MATERIAL FOR THIS EXERCISE:

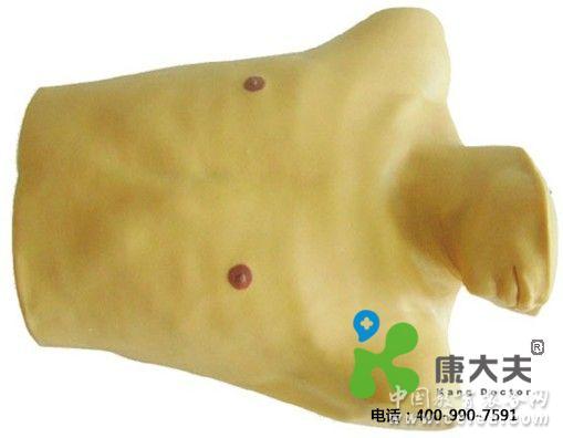 ■ 仿真模型取斜坡臥位,質地柔軟,觸感真實,外觀形象逼真。 ■ 解剖位置準確:胸骨、劍突、肋骨、各肋間隙,可明顯觸。 ■ 可行心前區穿刺訓練、劍突與第7肋軟骨交界處下方穿刺訓練,穿刺針進入心包腔(通過負壓)有液體引出。
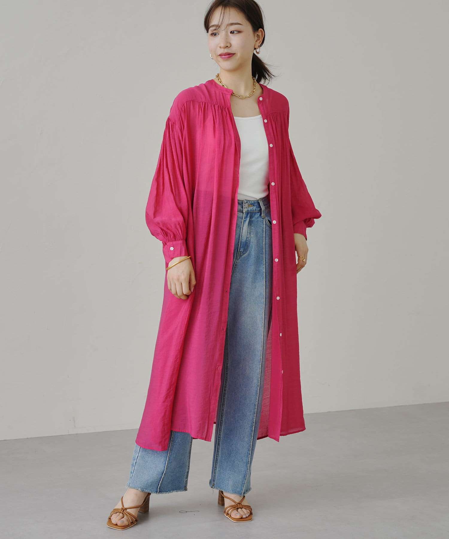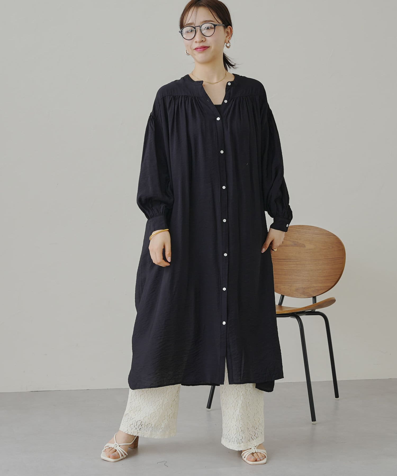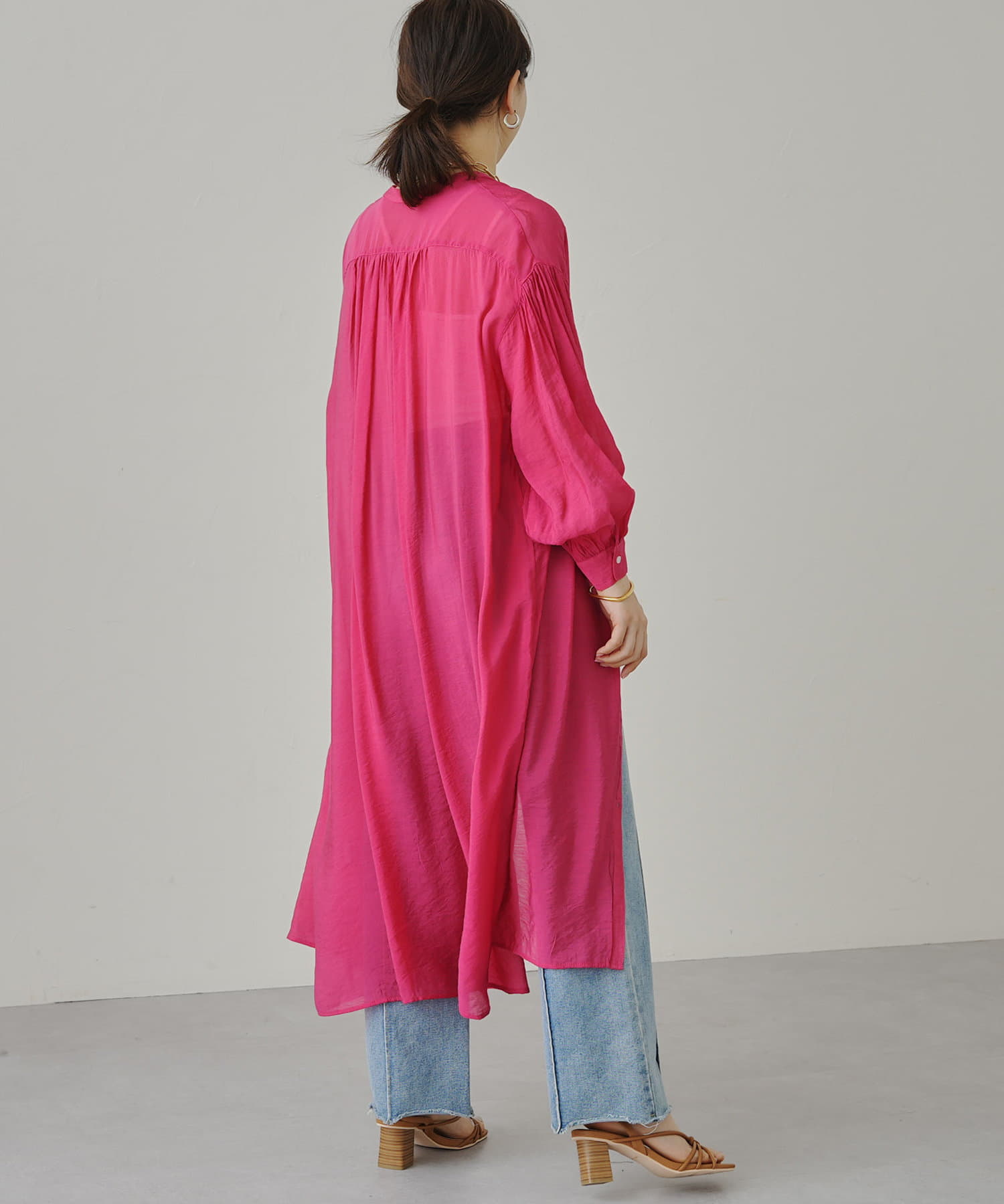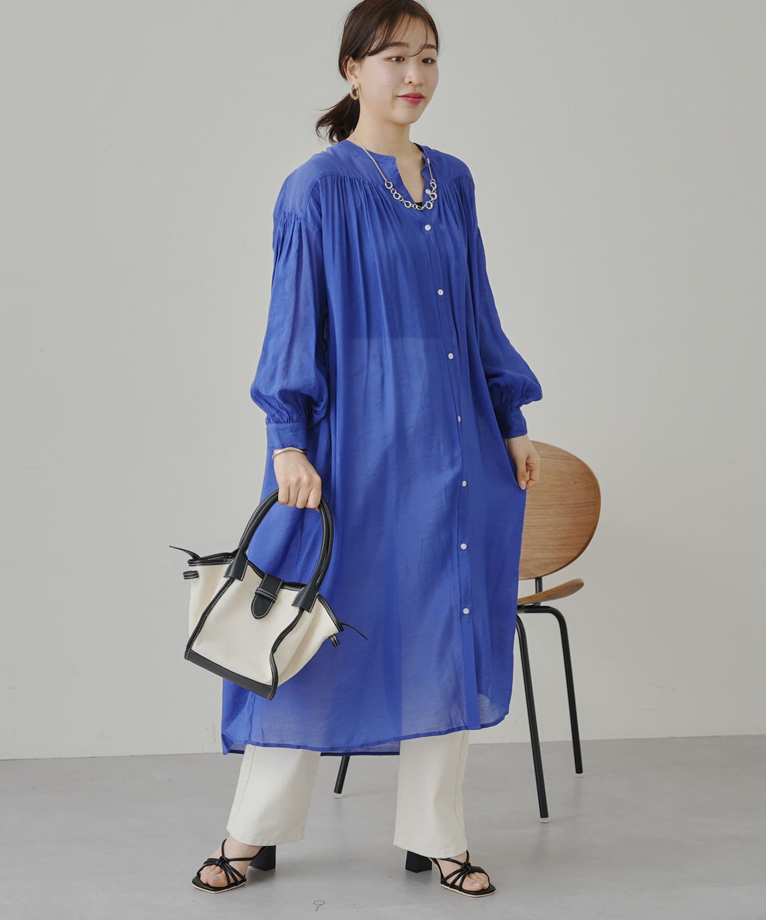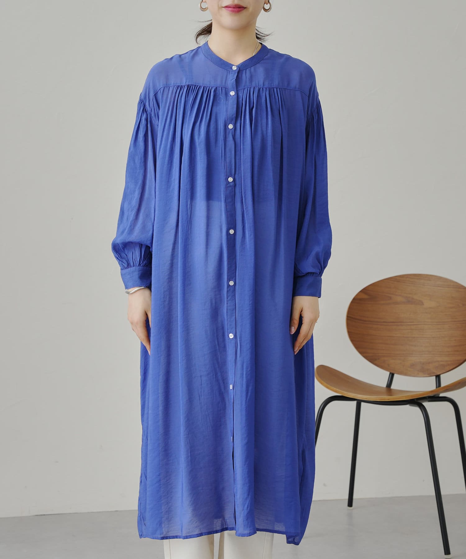 上品で軽いシアーローン素材で仕立てたシャツワンピ
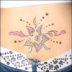Für 3-Tage-Tattoo´s verwende ich eine spezielle, hautfreudliche Tattoo-Farbe, die schnell trocknet, farbintensiv und bis zu 72 Stunden auf der Haut hält und auf Wunsch mit Öl mühelos zu entfernen ist.
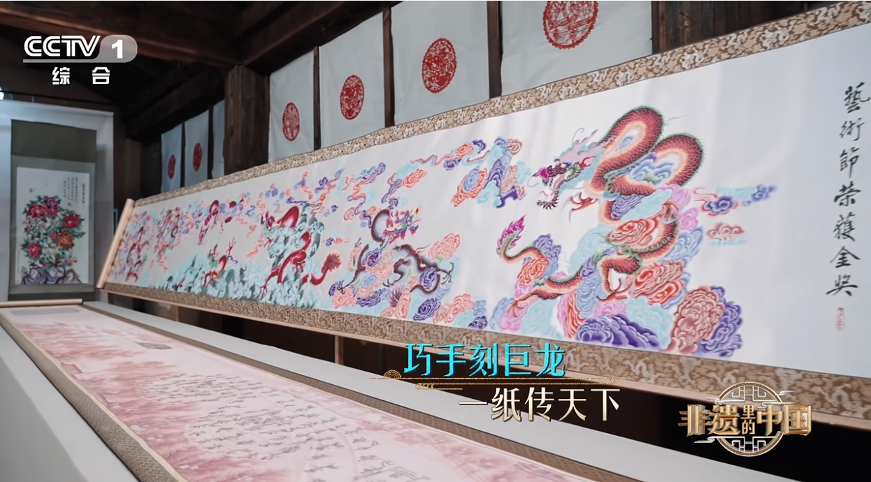 “二绝”在不用剪子而用刀刻。蔚县剪纸非遗传承人周淑英的剪纸作品《龙行天下》,长9.9米、高0.99米,花费3年时间,一共刻了200多万刀,用了20多道工序。而且每一道工序都是不可逆的,错一步整个作品就要从头再来!
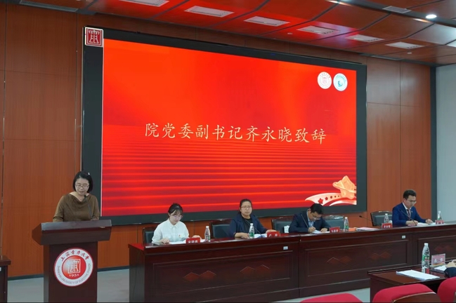 齐永晓代表学院党委致词,她高度评价了新葡的京官网学生组织在活动举办、阵地打造、社会实践、科技创新、组织建设等方面取得的丰硕成果,并指出今后工作中的努力方向,她寄语广大青年:第一,坚定理想信念,做新时代的有为青年;第二,强化修身养德,做新时代的向上青年;第三,勇于担当尽责,做新时代的奉献青年,她对新葡的京官网新一届学生会主席团寄予厚望,希望他们能够响应习近平总书记的号召,做到“不做学生官,要做青年友”,深入分析新形势下学生组织面临的挑战和机遇,把学生会建设成为传播主旋律、弘扬正能量的学生组织。
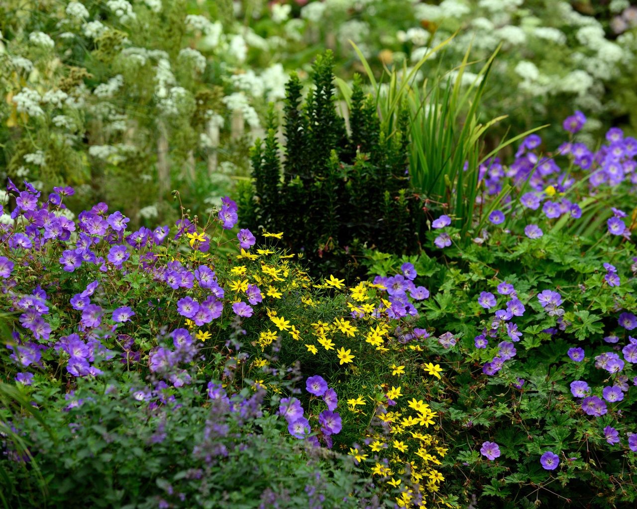 Next, it’s the smaller seasonal plants that will create interest at different stages in the year, then finally the plants that are supporting acts, like clumps of geraniums or evergreen types of ornamental grasses that will be the reliable foundations of your scheme.
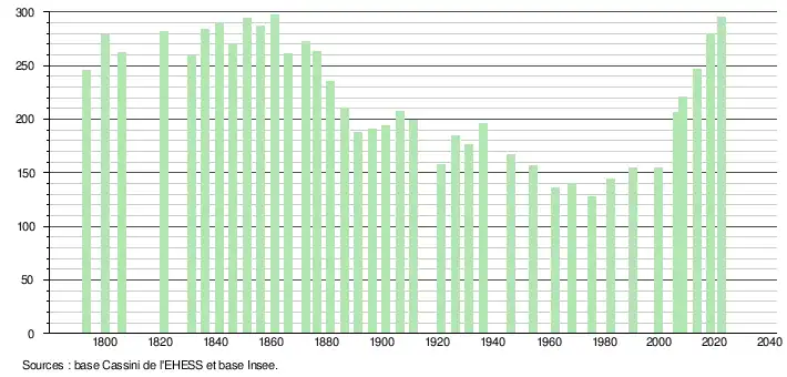 L'évolution du nombre d'habitants est connue à travers les recensements de la population effectués dans la commune depuis 1793. Pour les communes de moins de 10 000 habitants, une enquête de recensement portant sur toute la population est réalisée tous les cinq ans, les populations de référence des années intermédiaires étant quant à elles estimées par interpolation ou extrapolation[25]. Pour la commune, le premier recensement exhaustif entrant dans le cadre du nouveau dispositif a été réalisé en 2008[26].

TASK:
All of the data must be repeated exactly, except for the pictures.

RESULT OF THE EXERCISE:
 ■ 仿真模型取斜坡臥位,質地柔軟,觸感真實,外觀形象逼真。 ■ 解剖位置準確:胸骨、劍突、肋骨、各肋間隙,可明顯觸。 ■ 可行心前區穿刺訓練、劍突與第7肋軟骨交界處下方穿刺訓練,穿刺針進入心包腔(通過負壓)有液體引出。
 上品で軽いシアーローン素材で仕立てたシャツワンピ
Für 3-Tage-Tattoo´s verwende ich eine spezielle, hautfreudliche Tattoo-Farbe, die schnell trocknet, farbintensiv und bis zu 72 Stunden auf der Haut hält und auf Wunsch mit Öl mühelos zu entfernen ist.
 “二绝”在不用剪子而用刀刻。蔚县剪纸非遗传承人周淑英的剪纸作品《龙行天下》,长9.9米、高0.99米,花费3年时间,一共刻了200多万刀,用了20多道工序。而且每一道工序都是不可逆的,错一步整个作品就要从头再来!
 齐永晓代表学院党委致词,她高度评价了新葡的京官网学生组织在活动举办、阵地打造、社会实践、科技创新、组织建设等方面取得的丰硕成果,并指出今后工作中的努力方向,她寄语广大青年:第一,坚定理想信念,做新时代的有为青年;第二,强化修身养德,做新时代的向上青年;第三,勇于担当尽责,做新时代的奉献青年,她对新葡的京官网新一届学生会主席团寄予厚望,希望他们能够响应习近平总书记的号召,做到“不做学生官,要做青年友”,深入分析新形势下学生组织面临的挑战和机遇,把学生会建设成为传播主旋律、弘扬正能量的学生组织。
 Next, it’s the smaller seasonal plants that will create interest at different stages in the year, then finally the plants that are supporting acts, like clumps of geraniums or evergreen types of ornamental grasses that will be the reliable foundations of your scheme.
 L'évolution du nombre d'habitants est connue à travers les recensements de la population effectués dans la commune depuis 1793. Pour les communes de moins de 10 000 habitants, une enquête de recensement portant sur toute la population est réalisée tous les cinq ans, les populations de référence des années intermédiaires étant quant à elles estimées par interpolation ou extrapolation[25]. Pour la commune, le premier recensement exhaustif entrant dans le cadre du nouveau dispositif a été réalisé en 2008[26].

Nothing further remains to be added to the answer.